The next step is to stop treating those preferences as one-off prompts and start treating them as design constraints. You write them down. You decide how authentication should work. Decide where auth tokens come from. Decide what transport library to use. Decide how retries behave, what counts as a retriable error, how timeouts are configured, how exceptions are surfaced, how modules are organized, what the user-facing API should feel like, and even what functions should be called. Once you have that document, the LLM can refer back to it every time a route is added or updated, and the codebase stays coherent.

This matters because client generation is not a continuously running industrial pipeline in most real projects. Typically, you do 90% of the work once. After that, the maintenance is incremental: a new route here, a schema change there, one auth flow adjusted, one endpoint deprecated. In that world, a heavyweight generator starts to look less like infrastructure and more like overhead. If an LLM can produce the code directly in the style you want, and you can trivially revise it when the API changes, the old bargain starts to fall apart.

More broadly, this feels like a small example of a larger change in software development. In the Before Times, a lot of programming was basically high-speed bricolage: type something into google, click on the first stackoverflow link, copy it, smash it against reality repeatedly until the error message goes away. LLMs have automated a large chunk of that process. This makes bespoke code dramatically cheaper to produce, and that quantitative change really does have a quality of its own.

Most importantly, it is asking the eternal question: Why? Why is anything the way it is?

Fortunately for some, and unfortunately for most, our role as human workers shifts to a more elevated plane. The scarce skill isn't "write the boilerplate correctly" and is more "design the interface well." The important questions are not how to type out yet another wrapper function, but what the wrapper should do. How should authentication work? Where should credentials come from? What should the error model be? What information should surface when debugging? How should the code be laid out so it is maintainable six months from now? What should the end-user experience feel like? Those are design questions. Once answered clearly, they are exactly the kind of thing a machine can implement.

So the real lesson is not that LLMs magically write software for free. It is that a large class of software tasks that used to require awkward general-purpose generators or a lot of manual labor can now be handled as direct synthesis from a spec plus a style guide. Writing code is increasingly machine work. Thinking is still human work. You should be the designer, not the constructor.
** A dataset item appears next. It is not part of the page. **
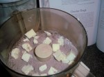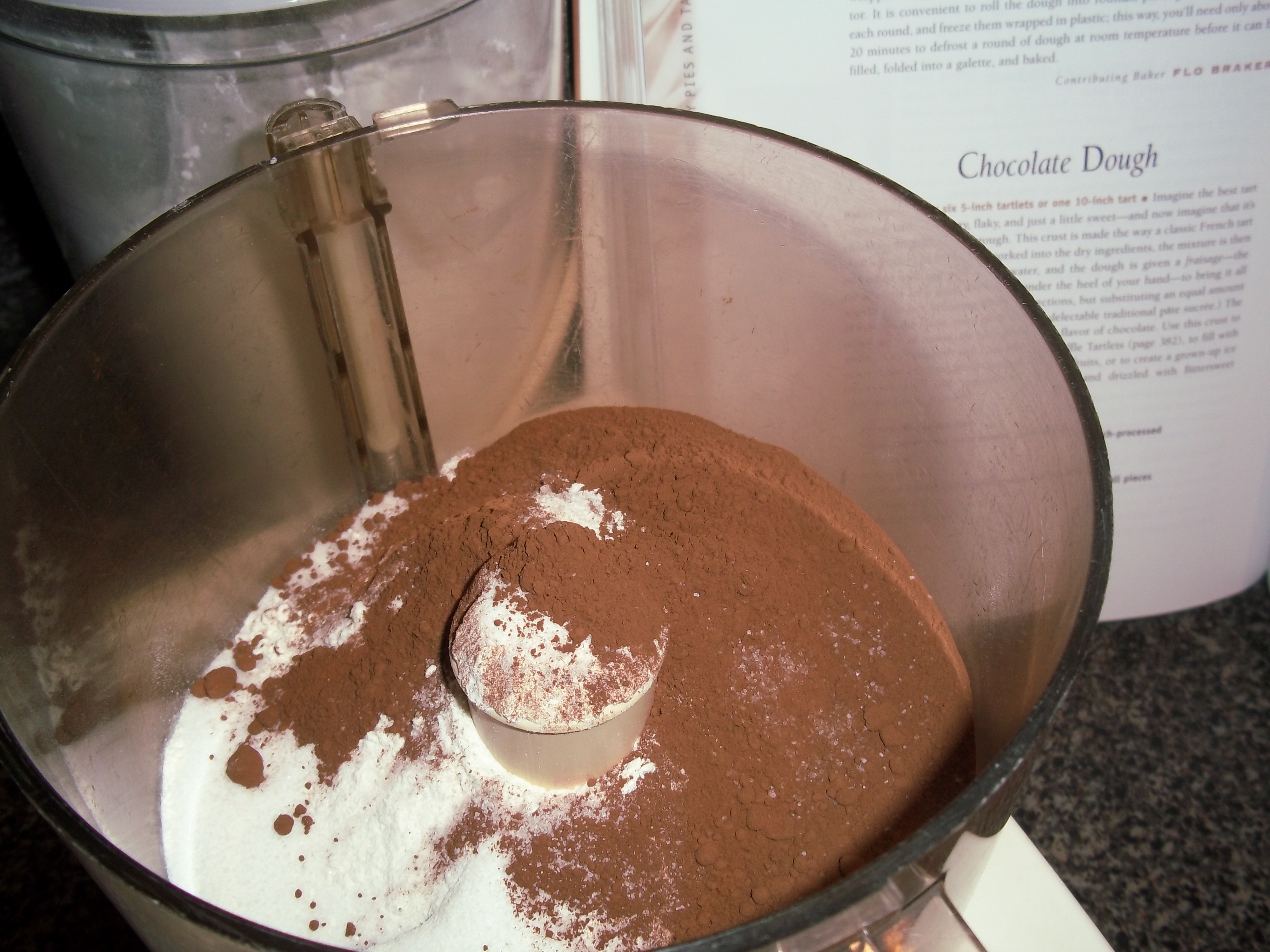So, to begin, the chocolate tart dough is made. There are a number of steps, whirling the dry ingredients in the food processor (no, I’m not making this by hand), then adding the butter, and finally an egg yolk mixed with some ice water.

And if that is true, the future for companies built around OpenAPI code generation looks shaky. Their value proposition depended on the idea that client generation was a specialized capability worth paying for every month ($79/month?). But if I can spend ~$10 on tokens, generate the exact client I want, keep the result forever, and update it later with the same design document, why would I keep renting someone else's generic pipeline? There will still be room for hosted tooling, compliance, governance, and enterprise workflow glue. But as pure client generators, they look increasingly like products from before the automation apocalypse we're living through.